Pablo Picasso
"L'Etreinte"
1963
Linocut on Arches paper with Rincée
21 x 25 1/8in (53.4 x 63.7cm)
sheet 24 1/2 x 29 1/2in (62.2 x 74.9cm)Signed in pencil and numbered 9/50 (there were 15 artist's proofs)
Pablo Picasso’s L’Etreinte (1963) distills one of his lifelong subjects—the entwined couple—into an almost skeletal language of line.
At first glance, the image feels spontaneous, even crude, but that economy is deliberate: the bodies are reduced to a handful of incisive contours that fuse and overlap until individuality dissolves into a single, pulsating form. The embrace is not merely depicted; it becomes an act of drawing itself, where line stands in for touch.
What’s striking is how physical the composition feels despite its minimalism.

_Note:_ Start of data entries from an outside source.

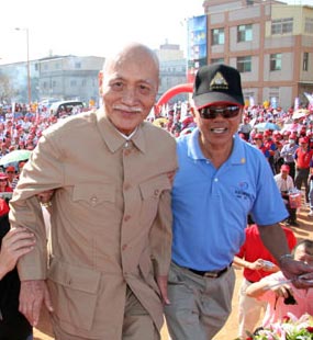 大台中市议员参选人今天纷纷成立竞选总部,国民党的市长参选人胡志强及民进党的市长参选人苏嘉全,都应邀担任同党籍议员参选人成立竞选总部的贵宾,让两人紧凑赶场,满足大家的需求,也有效拉抬竞选总部的热闹程度。
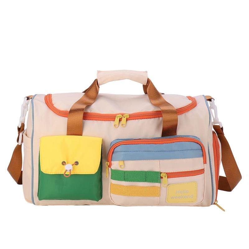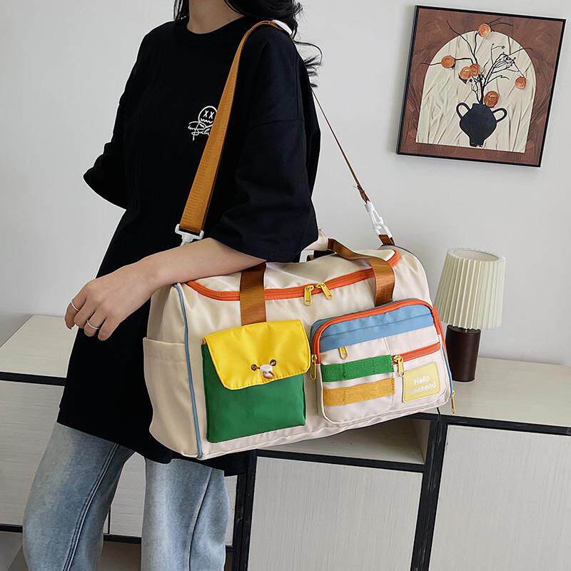 女士外出旅行包时尚大容量撞色斜挎运动健身包大容量旅游手提行李
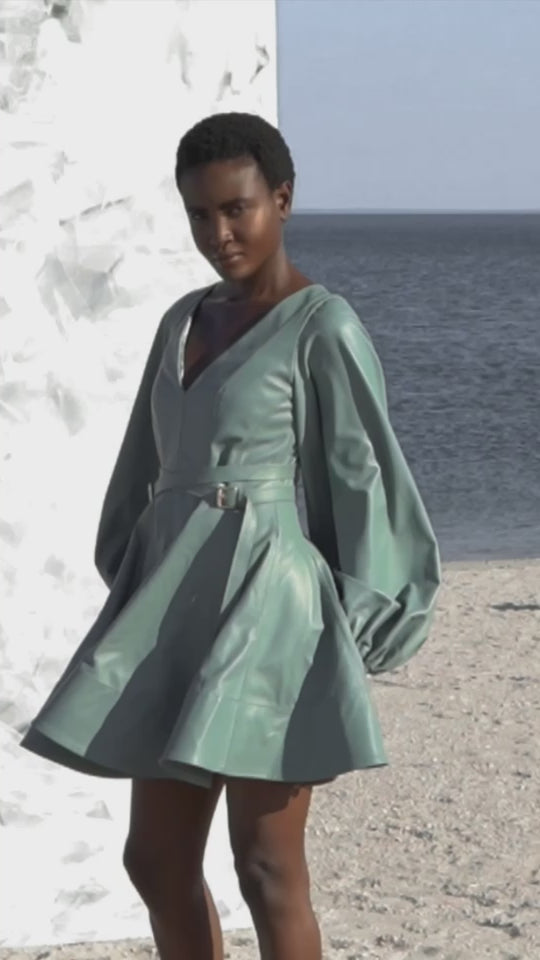 Rock the scene in this chic dress with voluminous lantern sleeves, a hidden snap cuff, and a flattering fit & flare cut. The silver tone Lampo zipper at the back, along with the double-wrapped belt and horsehair trim at the hem, adds a cool edge. It's the perfect mix of playful and elegant, ready to make a bold statement.
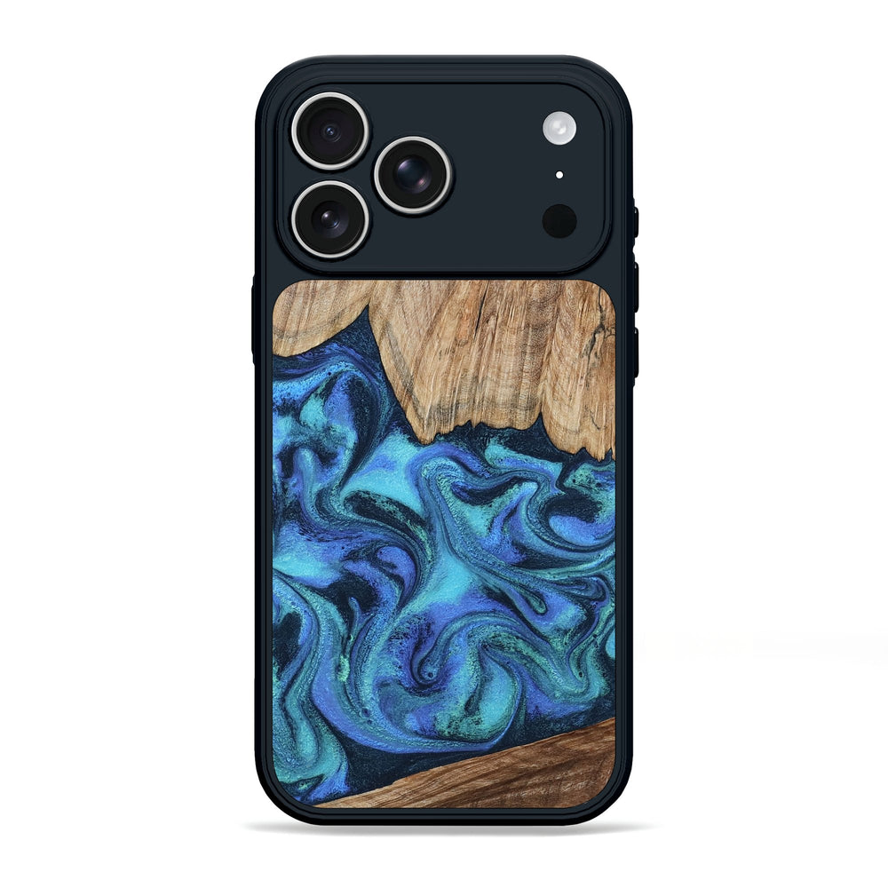 Leslie is a striking maple wood piece with smooth, flowing patterns in shades of blue and teal. Its natural grains complement the vibrant colors, creating a soothing visual harmony.
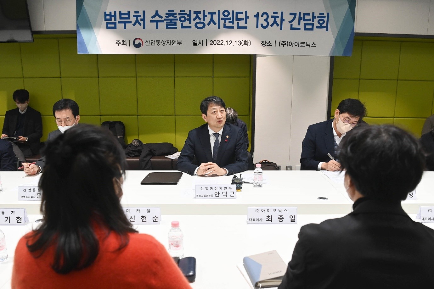 Minister for Trade Dukgeun Ahn led the pan-ministerial exports support group on December 13 to ICONIX in Pangyo to inspect site operations and held the 13th exporters' on-site conference. The exports support group was launched following the first exports strategy meeting presided by President Yoon Suk-yeol on November 23, and the group participation has been widened to all major ministries. Trade Minister Ahn congratulated the company ICONIX for winning this year’s “USD 10 million date2022-12-14
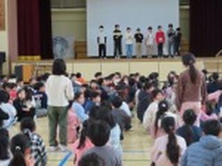 合奏や歌のプレゼント…一緒に踊ったり、力くらべをしたり、問題を出したり…6年生からも合唱と合奏のお礼がありました。
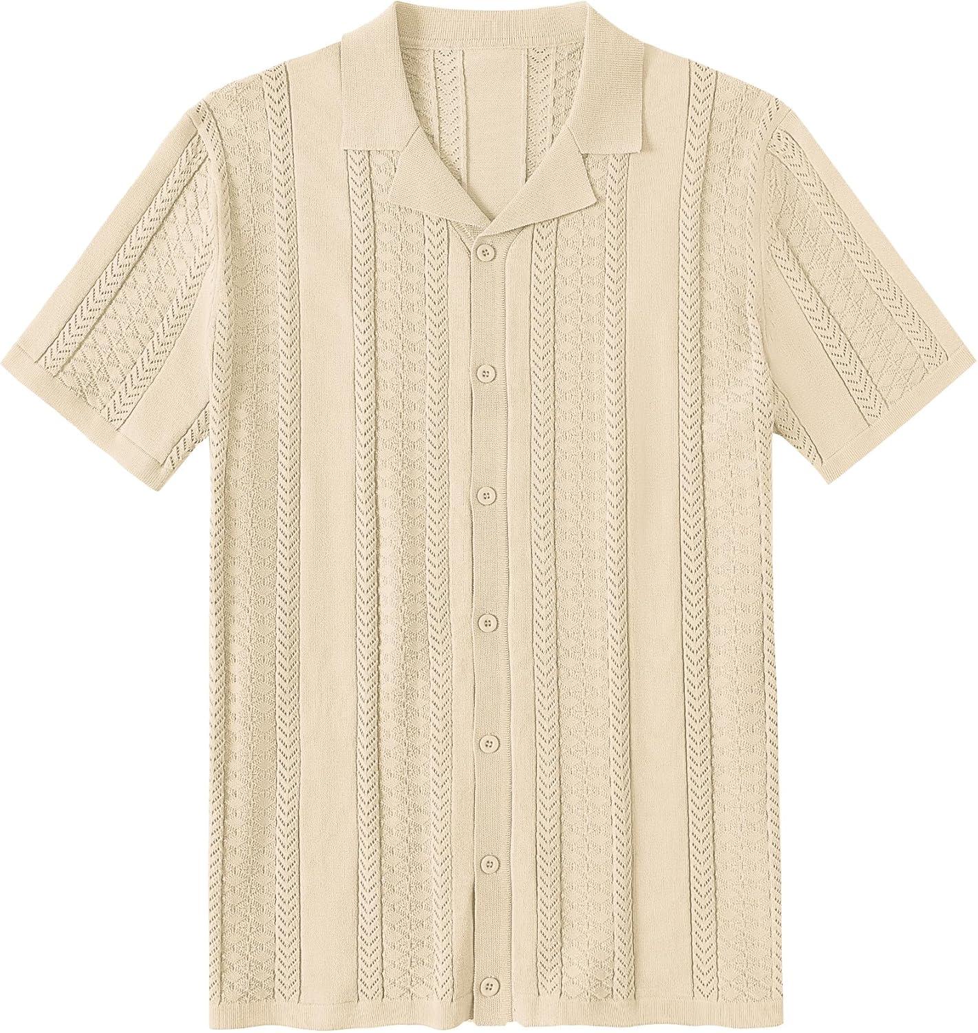 COOFANDY Men's Knit Shirts Vintage Short Sleeve Button Down Shirt Casual Summer Beach Shirt(Light Khaki)

The figures are compressed into the picture plane, limbs bent and interlocked, creating a sense of pressure and immediacy. There’s little spatial context—no background, no setting—so all attention falls on the raw mechanics of intimacy. The faces, barely articulated, oscillate between tenderness and urgency, even ambiguity. This tension—between affection and instinct, union and loss of self—is characteristic of Picasso’s late work, where eroticism often carries a psychological edge.
Ultimately, the power of L’Etreinte lies in its paradoxes: it is both tender and raw, simple and complex, controlled and accidental. The figures merge, but the lines that define them remain sharp and decisive—suggesting that even in the closest embrace, individuality persists, if only as a trace.